AnalyticDB:Use CatBoost to train GBDT models

Last Updated:Apr 08, 2025

In data mining scenarios such as advertisement click prediction, game user payment or churn prediction, and automatic email classification, you need to train classification models based on historical data to predict subsequent behaviors.
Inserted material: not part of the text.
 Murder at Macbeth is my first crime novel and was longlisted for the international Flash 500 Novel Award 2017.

You can use AnalyticDB for MySQL Spark and CatBoost to train Gradient Boosting Decision Tree (GBDT) models for data classification and prediction.

Prerequisites

Procedure

Step 1: Prepare and upload Maven dependencies to OSS

  1. Use one of the following methods to obtain Maven dependencies:

    • Download the JAR package of Maven dependencies.
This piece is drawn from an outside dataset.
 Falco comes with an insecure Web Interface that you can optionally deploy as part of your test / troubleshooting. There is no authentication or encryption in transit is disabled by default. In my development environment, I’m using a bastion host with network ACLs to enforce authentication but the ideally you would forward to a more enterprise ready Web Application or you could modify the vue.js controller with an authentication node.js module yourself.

    • Configure Maven dependencies in the pom.xml file in IntelliJ IDEA. Sample code:

      <project xmlns="http://maven.apache.org/POM/4.0.0" xmlns:xsi="http://www.w3.org/2001/XMLSchema-instance"
               xsi:schemaLocation="http://maven.apache.org/POM/4.0.0 http://maven.apache.org/xsd/maven-4.0.0.xsd">
          <modelVersion>4.0.0</modelVersion>
      
          <groupId>com.aliyun.adb.spark</groupId>
          <artifactId>CatBoostDemo</artifactId>
          <version>1.0</version>
          <packaging>jar</packaging>
      
          <properties>
              <project.build.sourceEncoding>UTF-8</project.build.sourceEncoding>
          </properties>
      
          <dependencies>
              <dependency>
                  <groupId>ai.catboost</groupId>
                  <artifactId>catboost-spark_3.5_2.12</artifactId>
                  <version>1.2.7</version>
              </dependency>
              <dependency>
                  <groupId>org.apache.spark</groupId>
                  <artifactId>spark-launcher_2.12</artifactId>
                  <version>3.5.1</version>
                  <scope>provided</scope>
              </dependency>
              <dependency>
                  <groupId>org.apache.spark</groupId>
                  <artifactId>spark-core_2.12</artifactId>
                  <version>3.5.1</version>
                  <scope>provided</scope>
              </dependency>
              <dependency>
                  <groupId>org.apache.spark</groupId>
                  <artifactId>spark-sql_2.12</artifactId>
                  <version>3.5.1</version>
                  <scope>provided</scope>
              </dependency>
              <dependency>
                  <groupId>com.aliyun.oss</groupId>
                  <artifactId>aliyun-sdk-oss</artifactId>
                  <version>3.16.2</version>
                  <scope>provided</scope>
              </dependency>
              <dependency>
                  <groupId>org.apache.spark</groupId>
                  <artifactId>spark-mllib_2.12</artifactId>
                  <version>3.5.1</version>
                  <scope>provided</scope>
              </dependency>
          </dependencies>
      
          <build>
              <plugins>
                  <plugin>
                      <groupId>net.alchim31.maven</groupId>
                      <artifactId>scala-maven-plugin</artifactId>
                      <version>4.4.0</version>
                      <executions>
                          <execution>
                              <goals>
                                  <goal>compile</goal>
                                  <goal>testCompile</goal>
                              </goals>
                          </execution>
                      </executions>
                  </plugin>
                  <plugin>
                      <groupId>org.apache.maven.plugins</groupId>
                      <artifactId>maven-shade-plugin</artifactId>
                      <version>3.1.1</version>
                      <configuration>
                          <createDependencyReducedPom>false</createDependencyReducedPom>
                      </configuration>
                      <executions>
                          <execution>
                              <phase>package</phase>
                              <goals>
                                  <goal>shade</goal>
                              </goals>
                          </execution>
                      </executions>
                  </plugin>
              </plugins>
          </build>
      </project>
  2. If you configure Maven dependencies in the pom.xml file in IntelliJ IDEA, run the mvn clean package -DskipTests command to package the dependencies. If you download the package of Maven dependencies from a link, skip this step.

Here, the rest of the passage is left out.